### [Collected data]

◆ ◆ ◆ ◆ ◆

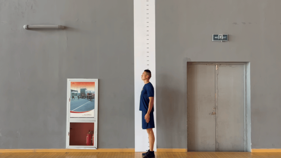 考核程序:考生双脚站立靠墙,单手伸直标记中指最高触墙点(示指高度),双脚立定垂直跳起,以单手指尖触墙,测量示指高度与跳起触墙高度之间的距离,两次测试,记录成绩较好的1次。
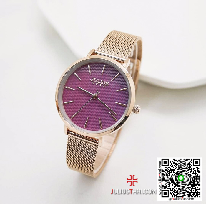 นาฬิกา Julius JA-1198 สายสแตนเลส สีพิ้งโกล หน้าปัดม่วง สวยๆ ของเเท้
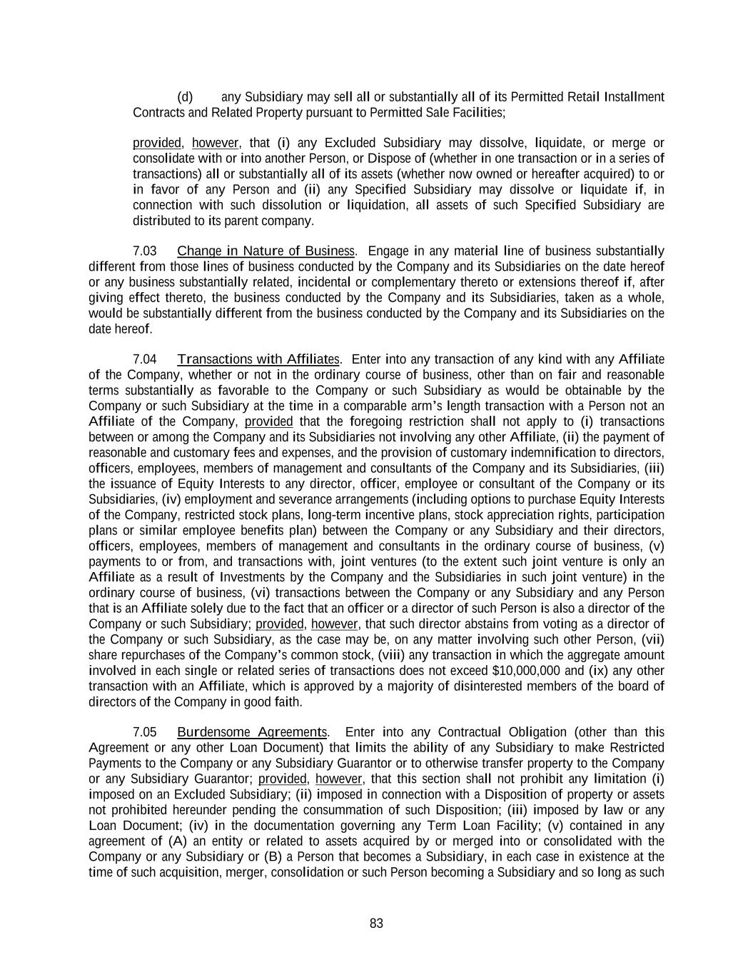 83 (d) any Subsidiary may sell all or substantially all of its Permitted Retail Installment Contracts and Related Property pursuant to Permitted Sale Facilities; provided, however, that (i) any Excluded Subsidiary may dissolve, liquidate, or merge or consolidate with or into another Person, or Dispose of (whether in one transaction or in a series of transactions) all or substantially all of its assets (whether now owned or hereafter acquired) to or in favor of any Person and (ii) any Specified Subsidiary may dissolve or liquidate if, in connection with such dissolution or liquidation, all assets of such Specified Subsidiary are distributed to its parent company. 7.03 Change in Nature of Business. Engage in any material line of business substantially different from those lines of business conducted by the Company and its Subsidiaries on the date hereof or any business substantially related, incidental or complementary thereto or extensions thereof if, after giving effect thereto, the business conducted by the Company and its Subsidiaries, taken as a whole, would be substantially different from the business conducted by the Company and its Subsidiaries on the date hereof. 7.04 Transactions with Affiliates. Enter into any transaction of any kind with any Affiliate of the Company, whether or not in the ordinary course of business, other than on fair and reasonable terms substantially as favorable to the Company or such Subsidiary as would be obtainable by the Company or such Subsidiary at the time in a comparable arm’s length transaction with a Person not an Affiliate of the Company, provided that the foregoing restriction shall not apply to (i) transactions between or among the Company and its Subsidiaries not involving any other Affiliate, (ii) the payment of reasonable and customary fees and expenses, and the provision of customary indemnification to directors, officers, employees, members of management and consultants of the Company and its Subsidiaries, (iii) the issuance of Equity Interests to any director, officer, employee or consultant of the Company or its Subsidiaries, (iv) employment and severance arrangements (including options to purchase Equity Interests of the Company, restricted stock plans, long-term incentive plans, stock appreciation rights, participation plans or similar employee benefits plan) between the Company or any Subsidiary and their directors, officers, employees, members of management and consultants in the ordinary course of business, (v) payments to or from, and transactions with, joint ventures (to the extent such joint venture is only an Affiliate as a result of Investments by the Company and the Subsidiaries in such joint venture) in the ordinary course of business, (vi) transactions between the Company or any Subsidiary and any Person that is an Affiliate solely due to the fact that an officer or a director of such Person is also a director of the Company or such Subsidiary; provided, however, that such director abstains from voting as a director of the Company or such Subsidiary, as the case may be, on any matter involving such other Person, (vii) share repurchases of the Company’s common stock, (viii) any transaction in which the aggregate amount involved in each single or related series of transactions does not exceed $10,000,000 and (ix) any other transaction with an Affiliate, which is approved by a majority of disinterested members of the board of directors of the Company in good faith. 7.05 Burdensome Agreements. Enter into any Contractual Obligation (other than this Agreement or any other Loan Document) that limits the ability of any Subsidiary to make Restricted Payments to the Company or any Subsidiary Guarantor or to otherwise transfer property to the Company or any Subsidiary Guarantor; provided, however, that this section shall not prohibit any limitation (i) imposed on an Excluded Subsidiary; (ii) imposed in connection with a Disposition of property or assets not prohibited hereunder pending the consummation of such Disposition; (iii) imposed by law or any Loan Document; (iv) in the documentation governing any Term Loan Facility; (v) contained in any agreement of (A) an entity or related to assets acquired by or merged into or consolidated with the Company or any Subsidiary or (B) a Person that becomes a Subsidiary, in each case in existence at the time of such acquisition, merger, consolidation or such Person becoming a Subsidiary and so long as such

◆ ◆ ◆ ◆ ◆

### [What is required]
Leave out the pictures and restate, word for word, the lines from the top of the data through the line containing "นาฬิกา Julius JA-1198", both included.

### [Output of the task]
 考核程序:考生双脚站立靠墙,单手伸直标记中指最高触墙点(示指高度),双脚立定垂直跳起,以单手指尖触墙,测量示指高度与跳起触墙高度之间的距离,两次测试,记录成绩较好的1次。
 นาฬิกา Julius JA-1198 สายสแตนเลส สีพิ้งโกล หน้าปัดม่วง สวยๆ ของเเท้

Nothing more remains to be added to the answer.